We are unable to isolate the effects of excessive risk and, more importantly, previous analyses of value at risk and concentration have proven to be optimistic, to say the least. Analyzing, for example, non-performing loans as a percentage of total can be misleading because of the speed at which these troubled loans increase once a credit event or a change in the economic cycle occurs. Additionally, the housing, renewable, tech and energy busts that we have seen in recent years have always included a domino effect on sectors and economies, impossible to isolate.

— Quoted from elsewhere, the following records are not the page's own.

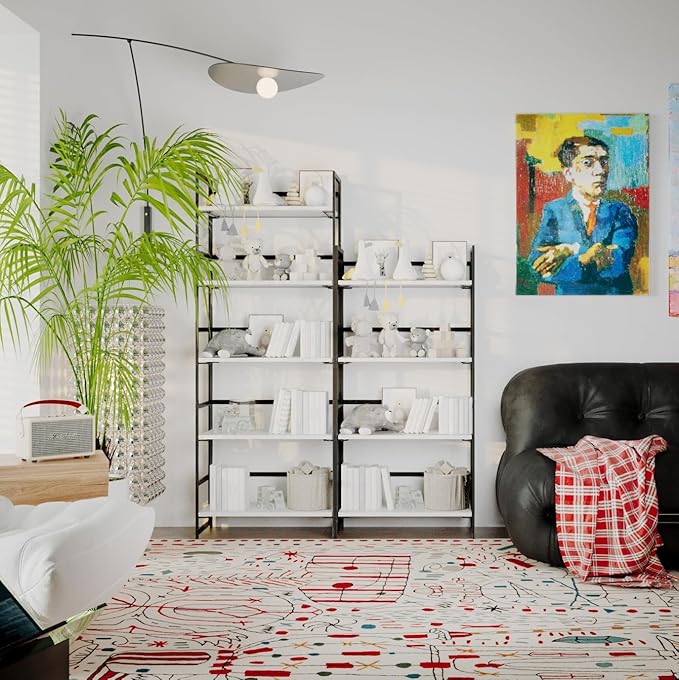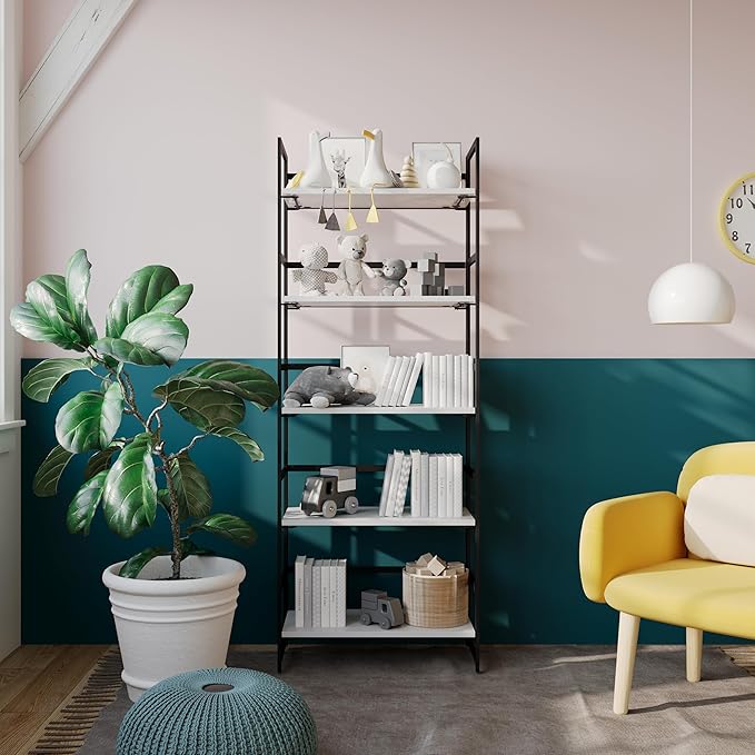 No-Assembly Folding Bookshelf Storage Shelves 5 Tiers Vintage Multifunctional Plant Flower Stand Storage Rack Shelves Bookcase for Home Office White&Black
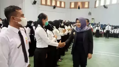 Mandailing Natal, Sumatera Utara - Ratusan tenaga honorer di lingkungan Pemerintah Kabupaten Mandailing Natal (Madina), Sumatera Utara, Kamis (9/6/2022) resmi diangkat menjadi Pegawai Pemerintah dengan Perjanjian Kerja atau P3K. Surat Keputusan (SK) pengangkatan pegawai tersebut diserahkan langsung oleh Wakil Bupati Madina, Atika Azmi Utammi.
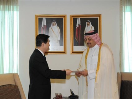 Doha /Information Office/ 26 May 2015/ HE Foreign Minister Dr Khalid bin Mohammad Al Attiyah received today a copy of the credentials of Lee Chen as ambassador of the People's Republic of China to Qatar. HE Al Attiyah wished success for the Chinese ambassador in his mission and more development and growth to bilateral relations between the two countries. A number of Foreign Ministry officials attended the handing over of credentials.
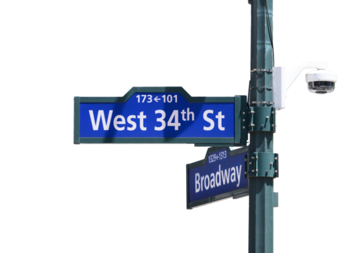 Broadway road sign isolated on white, transparent. Green color street sign on a post in Manhattan New York city, US
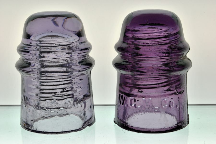 TWO purple WGM toll insulators Lavender and plumb Photo 1 Sold

Given the frustrating result of the most complex and detailed macro analysis and stress testing, and the evidence of large effects on the real economy, families and businesses of financial imbalances and excess concentration of underestimated factors, I believe it may be a mistake to underestimate the risk that builds in financial markets. I believe that central banks, in their assessment of the economy should err on the side of caution. By adequately estimating the much higher impact of financial markets on the real economy than models may imply, avoiding “ceteris paribus” mistakes, central banks will be able to be more accurate at predicting relevant changes in the economy, and, more importantly, understand better what  tools can be truly effective to help the economy solve its imbalances.

Findings

“Bubbles” are rarely analyzed in scholar papers. The main reason is because the term can be subjective, and seldom do analysts see it until it has happened. That is why it is a term that market practitioners understand better than academics. A market practitioner tends to monitor not just prices, but variations in valuations from different metrics, to understand if these valuations are justified by fundamentals, or driven by artificial demand created –in the case in study- by central banks.

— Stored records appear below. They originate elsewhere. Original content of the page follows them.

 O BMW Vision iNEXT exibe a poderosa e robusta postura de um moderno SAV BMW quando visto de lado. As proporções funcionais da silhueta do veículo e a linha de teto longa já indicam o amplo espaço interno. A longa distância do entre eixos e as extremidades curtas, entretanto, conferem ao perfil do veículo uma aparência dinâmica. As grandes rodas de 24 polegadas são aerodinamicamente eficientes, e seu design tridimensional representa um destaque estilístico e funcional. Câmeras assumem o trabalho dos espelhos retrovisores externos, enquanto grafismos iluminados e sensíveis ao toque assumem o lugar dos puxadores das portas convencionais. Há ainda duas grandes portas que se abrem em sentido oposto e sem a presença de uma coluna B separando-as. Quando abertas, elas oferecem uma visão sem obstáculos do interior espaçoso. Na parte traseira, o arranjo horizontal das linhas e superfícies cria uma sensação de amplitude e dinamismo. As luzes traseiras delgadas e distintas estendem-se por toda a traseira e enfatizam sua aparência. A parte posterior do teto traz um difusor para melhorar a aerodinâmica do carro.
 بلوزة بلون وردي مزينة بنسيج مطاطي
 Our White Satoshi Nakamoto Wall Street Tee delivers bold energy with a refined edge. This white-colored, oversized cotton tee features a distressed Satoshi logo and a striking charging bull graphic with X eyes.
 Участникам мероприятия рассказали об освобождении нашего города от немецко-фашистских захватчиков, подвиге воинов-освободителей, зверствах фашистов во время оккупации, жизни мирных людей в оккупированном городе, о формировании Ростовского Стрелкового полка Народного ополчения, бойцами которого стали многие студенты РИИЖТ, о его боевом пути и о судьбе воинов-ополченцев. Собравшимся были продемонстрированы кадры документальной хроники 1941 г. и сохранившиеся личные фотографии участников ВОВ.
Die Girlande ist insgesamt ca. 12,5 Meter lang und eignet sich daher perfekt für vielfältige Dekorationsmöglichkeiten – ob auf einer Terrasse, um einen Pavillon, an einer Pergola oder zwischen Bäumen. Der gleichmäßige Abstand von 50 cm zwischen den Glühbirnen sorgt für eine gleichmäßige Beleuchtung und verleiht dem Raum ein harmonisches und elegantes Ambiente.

Bubbles occur when the price of an asset or group of assets rises to an extreme level, far beyond its fair market value. What causes an asset’s price to rise to such heights? One reason is a glut of excess cash in the system. Another is extremely strong demand (Patton, 2015).

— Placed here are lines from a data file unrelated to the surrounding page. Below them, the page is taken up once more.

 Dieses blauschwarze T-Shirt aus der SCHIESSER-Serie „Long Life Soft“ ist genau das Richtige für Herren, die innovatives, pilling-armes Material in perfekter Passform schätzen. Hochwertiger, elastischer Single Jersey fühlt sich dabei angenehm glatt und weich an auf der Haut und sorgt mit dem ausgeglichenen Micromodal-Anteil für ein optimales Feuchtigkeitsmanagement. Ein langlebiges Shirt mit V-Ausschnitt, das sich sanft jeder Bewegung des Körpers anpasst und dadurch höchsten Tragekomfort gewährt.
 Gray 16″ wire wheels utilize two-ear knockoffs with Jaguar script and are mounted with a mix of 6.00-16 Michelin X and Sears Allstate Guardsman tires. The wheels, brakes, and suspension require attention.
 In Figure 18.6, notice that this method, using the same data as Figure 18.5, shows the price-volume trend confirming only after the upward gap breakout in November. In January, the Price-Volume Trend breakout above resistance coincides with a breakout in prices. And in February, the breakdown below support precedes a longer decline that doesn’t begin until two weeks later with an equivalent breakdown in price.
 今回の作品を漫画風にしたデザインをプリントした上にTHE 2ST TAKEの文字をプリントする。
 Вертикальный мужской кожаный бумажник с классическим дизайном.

Therefore, to gage whether central banks create the current possible bubble we must understand if demand in the market is enough to offset the impact of central bank purchases.

Let us look at the figures.

Federal Reserve Quantitative Easing

Since the Federal Reserve started its quantitative easing, financial markets have risen considerably above earnings, cash-flows and forward guidance of companies. The Federal Reserve implemented three quantitative easing (QE) programmes, in 2008, in November 2010 and on October 2012.

In this period, the S&P 500 has risen +149.30%. In the meantime, real wages in the US and GDP per capita have increased by a small fraction of that figure.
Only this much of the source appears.